José Antonio Zarzalejos-El Confidencial
Es duro que un huido de la Justicia tenga capacidad para determinar la suerte de la política del país y que un grupo ultranacionalista condicione un cambio en Andalucía que trascendería a España
Escribe Yascha Mounk en su conocido ensayo ‘El pueblo contra la democracia’ (editorial Paidós) que se está produciendo en Estados Unidos —y, por extensión, en los países occidentales— una “desconsolidación de la democracia” (páginas 105 y siguientes) y, como también argumenta Yuval Harari (’21 lecciones para el siglo XXI’, de Editorial Debate), el nacionalismo es una de las palancas del proceso iliberal que parece ir arrebatando, poco a poco, determinados logros de los sistemas democráticos-liberales que creíamos eran irreversibles. De hecho, ambos autores dedican amplios capítulos al renaciente nacionalismo radicalizado que regresa después de que en 1945, tras la II Guerra Mundial, se creyera un fenómeno superado.

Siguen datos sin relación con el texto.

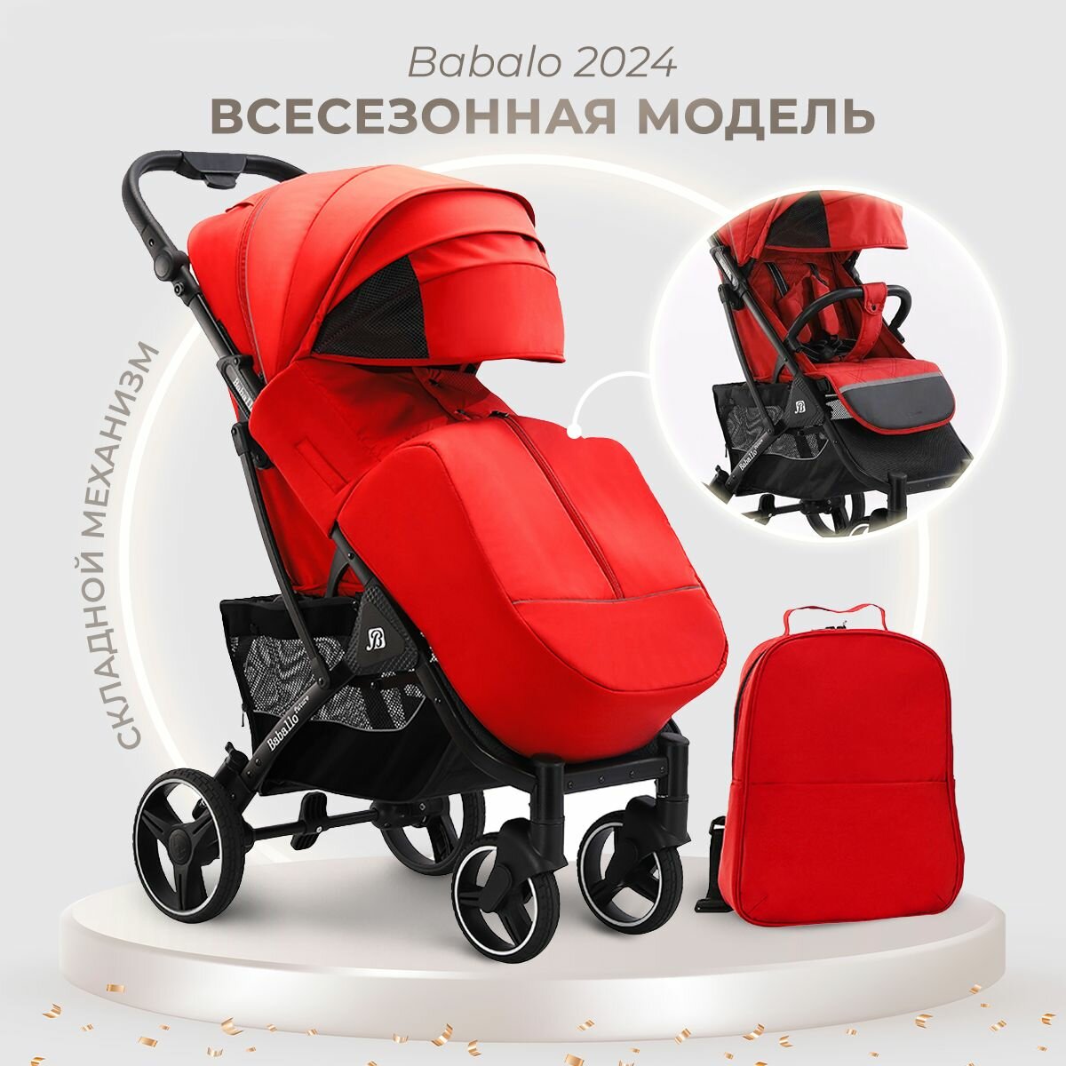 СохранитьДетская прогулочная коляска Babalo future 2024 NEW Красная, Рама черная, механическая спинка, сумка в комплекте интересное:

La izquierda ha cometido enormes errores que están propiciando la consolidación de los populismos de derecha en USA, Hungría, Austria, Polonia, Italia… porque ha confundido el progresismo con las políticas de identidad, que han quebrado la ciudadanía como un concepto cohesivo y han apostado por lo políticamente correcto estableciendo las pautas de lo que debía decirse y lo que debía callarse y cuáles eran las actitudes democráticas y cuáles no. La derecha democrática, en vez de jugar sus bazas en el terreno de las ideas, ha recurrido mucho más a los sentimientos, obviando políticas de rectificación y permitiendo que réplicas extremistas las fagociten o disminuyan, tras jugar con ellas al apaciguamiento.
Mounk llega a la conclusión de que “los ciudadanos llevan mucho tiempo desilusionados con la política; ahora se sienten, además, impacientes, enfadados, desdeñosos incluso. Los sistemas de partidos parecían estancados desde hacía tiempo; ahora los populismos autoritarios están en auge en todo el mundo, de América a Europa y de Asia a Australia. Era normal que los nuevos partidos fueran recibidos con mayor agrado o desagrado por unos votantes u otros; ahora son legión los electores que están hartos de la democracia liberal misma”.

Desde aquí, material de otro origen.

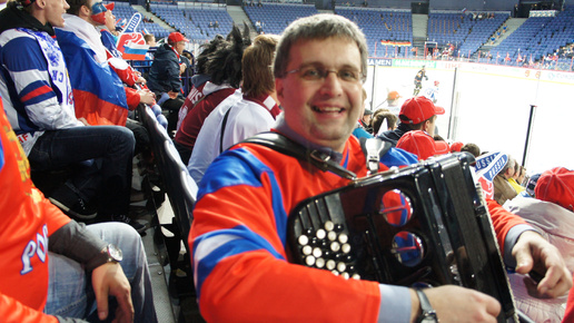Аккордеонист-ведущий Сергей Лихачев с болельщиками

El populismo independentista catalán es el responsable principal, aunque no el único, de la emergencia de la extrema derecha de Vox
De los primeros depende, no solo la aprobación de los Presupuestos Generales del Estado que el Consejo de Ministros enviará el viernes al Congreso, sino también la continuidad de la legislatura. Un Gobierno de cambio en la comunidad andaluza, la primera por población en España y la segunda en superficie, está pendiente igualmente de un dificilísimo acuerdo entre Vox (12 escaños) y PP-Ciudadanos, conseguido ayer.
Dos personas manejan la situación desde posiciones marginales y minoritarias: Puigdemont y el secretario general de Vox, Javier Ortega Smith
Hoy por hoy, dos personas —por reduccionista que parezca la afirmación— manejan la situación desde posiciones marginales y minoritarias: el expresidente de la Generalitat Carles Puigdemont, a través de su vicario Joaquim Torra, y el secretario general de Vox, Javier Ortega Smith, de superiores habilidades a las de Santiago Abascal. Es muy duro reconocer que un huido de la Justicia española tenga tanta capacidad para determinar la suerte de la política española y que un grupo, también clasificable como ultranacionalista, condicione lo que podría ser un proceso de cambio en Andalucía, que, de producirse, trascendería a toda España.
Pero si el ‘statu quo’ es este —España en manos de 29 radicales, dirigidos por extremistas—, se debe no tanto a su poder cuanto a la incapacidad de los demás partidos para ponerse de acuerdo y evitar que nuestro país se añada a la lista de los que ya tienen que convivir con expresiones políticas iliberales y de marchamo populista. En buena medida, esta imposibilidad de acuerdo entre las fuerzas constitucionalistas que hasta ahora vertebraban las mayorías políticas en los países europeos resulta ser la clave de la progresiva “desconsolidación de la democracia” como fenómeno más preocupante y de progresiva extensión occidental.
Bastaría que los partidos centrales decidieran no pactar ni con los ultranacionalistas catalanes (los Presupuestos) ni con los ultranacionalistas españoles (el Gobierno andaluz) para evitar la distorsión del sistema. Sin embargo, nadie da su brazo a torcer, de modo y manera que ERC, PDeCAT (pronto la Crida per la República) y Vox podrían imponer, al menos en parte, sus criterios. La alianza de estos partidos con el hartazgo, el enfado y desdén de grandes sectores sociales (en este caso, de Andalucía y Cataluña) los convierte en indeseables árbitros de las políticas públicas que, en sus manos, son destructivas de la democracia liberal.